序章

Matrix は、分散型通信のオープンスタンダードです。 これは、リアルタイムで同期する標準化されたAPIを話す、オンラインメッセージングに使用されるサーバーとサービスのコレクションです。

Matrixは、 homeservers を使用して、アカウント情報とチャット履歴を保存します。 これらは、電子メールクライアントがIMAP/SMTPを介して電子メールサーバーに接続する方法と同じように機能します。 電子メールのように、他の誰かがホストしているMatrixホームサーバーを使用することも、自分でホストして自分の情報と通信を管理することもできます。

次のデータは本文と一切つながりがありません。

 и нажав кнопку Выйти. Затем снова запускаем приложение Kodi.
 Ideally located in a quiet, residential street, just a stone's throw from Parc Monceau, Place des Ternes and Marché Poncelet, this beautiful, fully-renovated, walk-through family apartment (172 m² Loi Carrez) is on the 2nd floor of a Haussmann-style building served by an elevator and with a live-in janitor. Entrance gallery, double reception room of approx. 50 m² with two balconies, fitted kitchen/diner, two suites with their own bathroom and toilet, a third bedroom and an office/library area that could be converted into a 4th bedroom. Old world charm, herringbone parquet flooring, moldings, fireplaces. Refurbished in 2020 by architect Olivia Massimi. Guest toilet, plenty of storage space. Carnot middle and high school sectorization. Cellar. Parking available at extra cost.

このガイドに従うことで、Matrixのリファレンスホームサーバー実装であるSynapseをインストールします。 終了すると、 Matrixクライアントを介してホームサーバーに接続し、他のMatrixフェデレーションホームサーバーを介して他のユーザーと通信できるようになります。

前提条件

このガイドを開始する前に、次のものが必要です。

  • この初期サーバーセットアップガイドに従ってセットアップされた1つのUbuntu16.04サーバー。これには、sudo非rootユーザーとファイアウォールが含まれます。

  • サーバーにインストールされたNginx(HTTPSトラフィックを許可)。 これを行うには、Ubuntu16.04チュートリアルでこのNginxを実行します。

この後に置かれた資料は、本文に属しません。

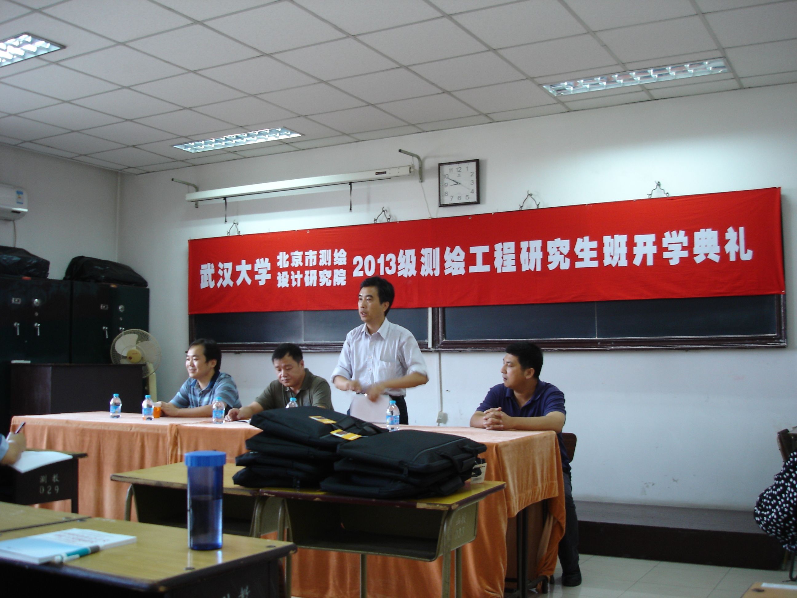 2013年9月14日上午,91沈先生 与北京市测绘设计研究院联合举办的测绘工程在职研究生班开学典礼在北京市测绘设计研究院函授站五楼教室举行。91沈先生 副院长杜清运、副院长雷起宏,北京市测绘设计研究院人事教育处处长兼函授站站长贾光军、副处长赵全胜出席了开学典礼。来自北京市测绘设计研究院院机关、专业测绘一院、二院、基础地理信息工程院和其他测绘单位的20名多学员报名了本班。

  • このホスト名チュートリアルに従って、適切なDNSレコードで設定された登録済みドメイン名。 必要なDNSレコードは、ドメインの使用方法によって異なります。

    • ドメインをSynapse専用に使用している場合、または同じサーバーを使用してWebサイトとSynapseをホストする場合は、ホスト名@のAレコードのみが必要です。

    • Synapseを別のサーバーにインストールする場合は、ホスト名がmatrix.example.comのように使用するサブドメインに設定されたAレコードと、ホスト名が_matrix._tcpのSRVレコードが必要になります。ポート8448で同じサブドメインを指し、デフォルトの優先度と重みはそれぞれ10と100です。 これにより、MatrixクライアントとホームサーバーにSynapseインストールの場所が通知されます。

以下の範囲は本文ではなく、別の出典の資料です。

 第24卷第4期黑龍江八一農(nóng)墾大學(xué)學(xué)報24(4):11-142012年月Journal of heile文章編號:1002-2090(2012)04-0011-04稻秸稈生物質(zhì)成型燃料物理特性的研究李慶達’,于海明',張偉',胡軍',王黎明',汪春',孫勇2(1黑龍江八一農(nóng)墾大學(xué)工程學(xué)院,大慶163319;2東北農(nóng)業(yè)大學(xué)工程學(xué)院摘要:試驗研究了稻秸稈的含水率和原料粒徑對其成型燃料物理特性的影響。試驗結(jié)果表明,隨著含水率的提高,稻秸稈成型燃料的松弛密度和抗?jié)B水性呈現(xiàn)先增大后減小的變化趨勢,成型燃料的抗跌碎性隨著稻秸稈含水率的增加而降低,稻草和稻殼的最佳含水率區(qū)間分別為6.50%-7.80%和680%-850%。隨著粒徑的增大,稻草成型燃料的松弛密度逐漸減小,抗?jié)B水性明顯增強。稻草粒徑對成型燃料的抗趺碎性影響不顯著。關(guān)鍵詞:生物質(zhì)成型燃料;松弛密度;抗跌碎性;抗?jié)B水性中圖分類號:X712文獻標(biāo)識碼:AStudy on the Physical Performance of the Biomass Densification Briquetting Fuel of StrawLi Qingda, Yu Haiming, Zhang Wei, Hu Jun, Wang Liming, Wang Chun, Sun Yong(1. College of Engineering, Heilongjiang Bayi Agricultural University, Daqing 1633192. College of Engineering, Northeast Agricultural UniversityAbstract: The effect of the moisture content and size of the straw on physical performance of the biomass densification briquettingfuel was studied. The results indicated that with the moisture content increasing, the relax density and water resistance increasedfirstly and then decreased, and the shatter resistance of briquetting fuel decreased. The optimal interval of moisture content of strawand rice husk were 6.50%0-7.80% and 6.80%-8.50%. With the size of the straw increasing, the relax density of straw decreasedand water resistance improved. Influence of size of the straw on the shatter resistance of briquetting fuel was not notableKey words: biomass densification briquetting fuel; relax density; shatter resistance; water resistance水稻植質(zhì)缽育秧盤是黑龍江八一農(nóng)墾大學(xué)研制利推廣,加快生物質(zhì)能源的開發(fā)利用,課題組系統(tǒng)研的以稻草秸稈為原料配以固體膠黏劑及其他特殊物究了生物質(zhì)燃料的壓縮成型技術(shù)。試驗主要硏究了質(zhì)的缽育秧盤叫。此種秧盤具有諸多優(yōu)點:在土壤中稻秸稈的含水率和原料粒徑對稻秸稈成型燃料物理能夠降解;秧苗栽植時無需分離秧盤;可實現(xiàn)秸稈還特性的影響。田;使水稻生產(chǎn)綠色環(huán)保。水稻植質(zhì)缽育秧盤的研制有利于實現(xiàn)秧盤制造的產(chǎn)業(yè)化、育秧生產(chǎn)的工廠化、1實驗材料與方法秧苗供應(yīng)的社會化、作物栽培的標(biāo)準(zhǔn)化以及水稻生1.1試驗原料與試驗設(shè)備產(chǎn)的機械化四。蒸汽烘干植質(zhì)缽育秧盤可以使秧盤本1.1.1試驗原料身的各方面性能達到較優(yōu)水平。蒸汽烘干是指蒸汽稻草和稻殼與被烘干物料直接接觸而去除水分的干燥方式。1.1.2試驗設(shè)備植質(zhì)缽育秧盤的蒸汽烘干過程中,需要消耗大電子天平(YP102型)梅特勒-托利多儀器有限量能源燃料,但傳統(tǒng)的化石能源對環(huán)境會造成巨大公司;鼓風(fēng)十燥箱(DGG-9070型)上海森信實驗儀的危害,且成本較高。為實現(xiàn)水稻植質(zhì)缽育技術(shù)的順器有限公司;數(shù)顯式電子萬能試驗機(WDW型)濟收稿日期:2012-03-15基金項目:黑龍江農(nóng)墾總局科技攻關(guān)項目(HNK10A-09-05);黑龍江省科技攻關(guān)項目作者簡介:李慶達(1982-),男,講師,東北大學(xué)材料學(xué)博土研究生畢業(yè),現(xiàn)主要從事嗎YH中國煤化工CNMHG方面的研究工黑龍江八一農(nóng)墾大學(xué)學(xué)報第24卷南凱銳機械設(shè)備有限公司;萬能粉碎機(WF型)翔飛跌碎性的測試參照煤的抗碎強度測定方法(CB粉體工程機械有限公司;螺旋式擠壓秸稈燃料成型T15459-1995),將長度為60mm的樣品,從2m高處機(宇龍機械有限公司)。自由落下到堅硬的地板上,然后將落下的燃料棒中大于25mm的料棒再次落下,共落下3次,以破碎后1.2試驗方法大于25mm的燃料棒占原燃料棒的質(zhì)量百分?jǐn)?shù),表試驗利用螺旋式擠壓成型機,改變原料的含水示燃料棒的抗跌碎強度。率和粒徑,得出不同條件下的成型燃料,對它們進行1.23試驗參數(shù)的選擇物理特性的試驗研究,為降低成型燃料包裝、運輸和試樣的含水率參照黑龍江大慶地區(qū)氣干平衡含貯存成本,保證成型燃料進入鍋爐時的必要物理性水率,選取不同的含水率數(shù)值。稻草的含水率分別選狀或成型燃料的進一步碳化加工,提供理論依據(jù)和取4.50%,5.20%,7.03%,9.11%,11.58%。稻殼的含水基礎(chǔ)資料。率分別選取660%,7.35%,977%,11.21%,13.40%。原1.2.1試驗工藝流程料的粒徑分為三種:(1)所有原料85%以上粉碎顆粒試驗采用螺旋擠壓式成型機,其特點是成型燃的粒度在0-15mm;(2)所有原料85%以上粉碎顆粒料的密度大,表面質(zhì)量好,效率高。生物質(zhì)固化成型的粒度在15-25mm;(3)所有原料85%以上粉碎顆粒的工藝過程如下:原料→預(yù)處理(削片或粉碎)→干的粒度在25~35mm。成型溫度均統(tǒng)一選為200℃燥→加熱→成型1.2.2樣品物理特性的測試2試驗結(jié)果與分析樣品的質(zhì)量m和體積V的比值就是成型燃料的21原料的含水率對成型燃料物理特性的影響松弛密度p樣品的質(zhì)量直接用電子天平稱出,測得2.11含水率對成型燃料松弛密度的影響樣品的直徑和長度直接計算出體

ステップ1—MatrixSynapseをインストールする

開始するには、root以外のユーザーとしてサーバーにログインします。

インストールを開始する前に、ローカルパッケージインデックスが最新であることを確認してください。

  1. sudo apt-get update

次に、公式のMatrixリポジトリをAPTに追加します。

  1. sudo add-apt-repository https://matrix.org/packages/debian/

サーバーの安全を確保するには、リポジトリキーを追加する必要があります。 これにより、インストールと更新が開発者によって署名されていることを確認し、許可されていないパッケージがサーバーにインストールされないようにします。

  1. wget -qO - https://matrix.org/packages/debian/repo-key.asc | sudo apt-key add -

次の出力が表示されます。

Output
OK

リポジトリを追加したら、ローカルパッケージインデックスを更新して、新しいリポジトリが含まれるようにします。

  1. sudo apt-get update

リポジトリを追加すると、Synapseのインストールは単一のAPTコマンドを実行するのと同じくらい簡単です。

  1. sudo apt-get install matrix-synapse

インストール中に、サーバー名を入力するように求められます。サーバー名はドメイン名である必要があります。 また、ホームサーバーに関する匿名化された統計をMatrixに送り返すかどうかを選択するように求められます。 次に、Synapseがインストールされます。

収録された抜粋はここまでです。